Although such statements were made in considering the exempt status of public property, we think they are equally applicable to a nongovernmental entity.

Clearly, a private religious institution would be beset with the same problems as, if not greater than, those confronting a governmental entity. Necessarily, under ordinary circumstances a period of time must elapse between the time of the acquisition of the land and the actual construction and occupancy of the building. Plans must be prepared, surveys made and, perhaps most important of all, funds raised, all of which, especially as to a nongovernmental entity which does not have access to tax revenues, must necessarily take time. To tax the property during such period prior to actual construction would be to subvert the purpose of the tax exemption.

However, so far as nongovernmental entities are concerned, mere ownership, standing alone, is not sufficient to create a right to tax exemption. Such ownership must be coupled with the purpose, supported by tangible evidence, that the property will be devoted to an actual physical use for the public benefit. The intent to use such property for an exempt purpose must be one of substance and not a mere dream that sometime in the future, if funds can be obtained, the entity would so use such property. In other words, it must be shown that the entity, at the time the application for exemption is made, is actively working toward the actual use for the public benefit. Evidence that surveys have been made and plans drawn or that active fund-raising campaigns are being carried on is indicative that the exempting use will be made of the property within a reasonable time.
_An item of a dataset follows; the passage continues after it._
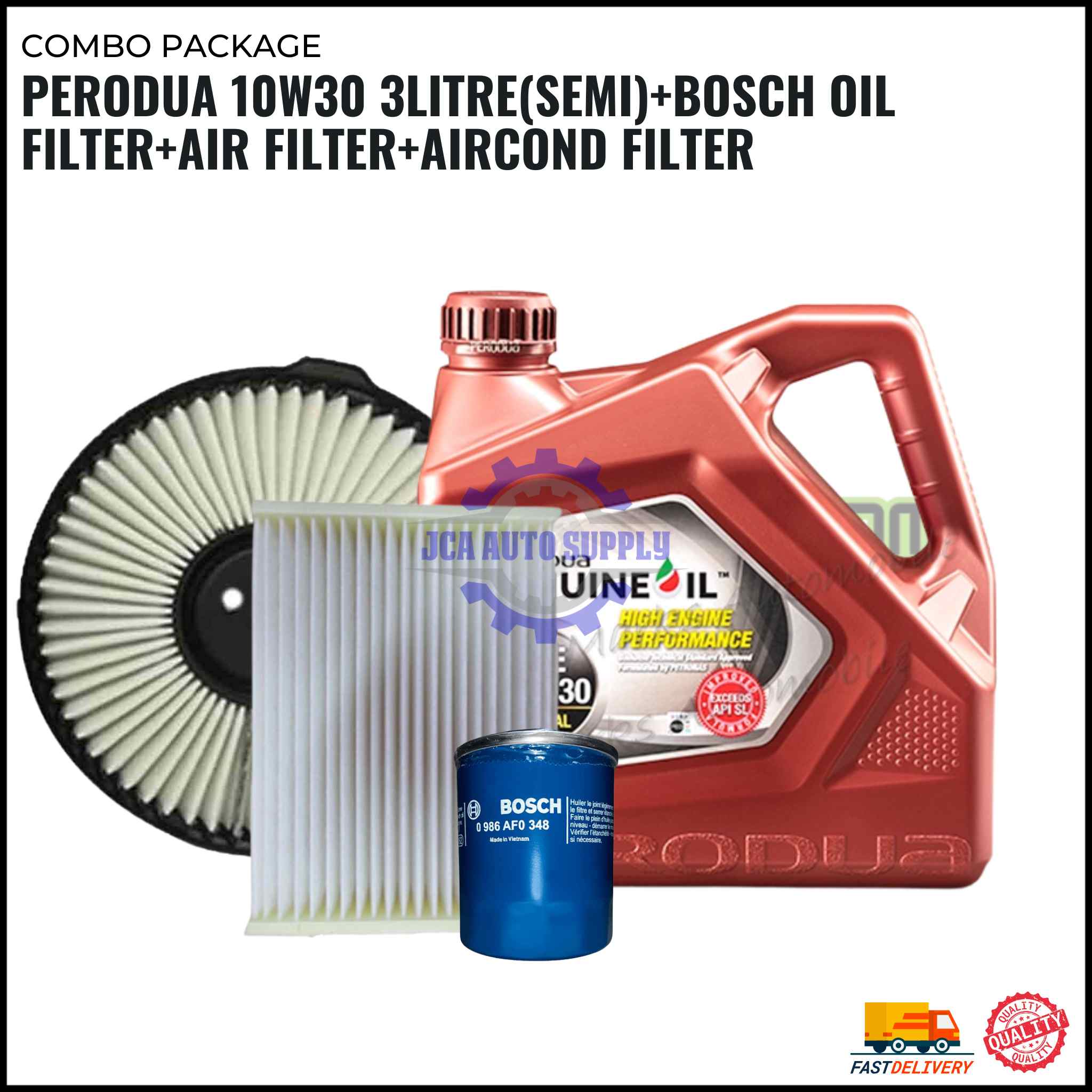 Contains : Perodua 10w30 3L+Bosch Oil Filter+Air Filter+Aircond Filter

Thus vacant land purchased by a religious institution for the purpose of erecting a church thereon is entitled to be exempted from taxation if the institution can present evidence that it is actively working toward an actual use of such property for a house of worship.

In the case presently before us, the evidence indicates that even in 1956, when this land was acquired by appellant, a start *108had been made to procure funds for the erection of the church, that in 1958, the year when the exempt status is claimed to have begun, plans had been prepared and funds were available for the construction of the church, and that construction actually began in 1959. Under the circumstances, it is clear that, from 1958 on, the property here in question was and is entitled to be exempted from taxation.

The decision of the Board of Tax Appeals denying the remission of taxes for the years 1958 and 1959 and dismissing the application for exemption for 1960 is unreasonable and unlawful and must, therefore, be reversed.

Decision reversed.

Taft, Bell and O’Neill, JJ., concur. Weygandt, C. J., Zimmerman and Herbert, JJ., dissent.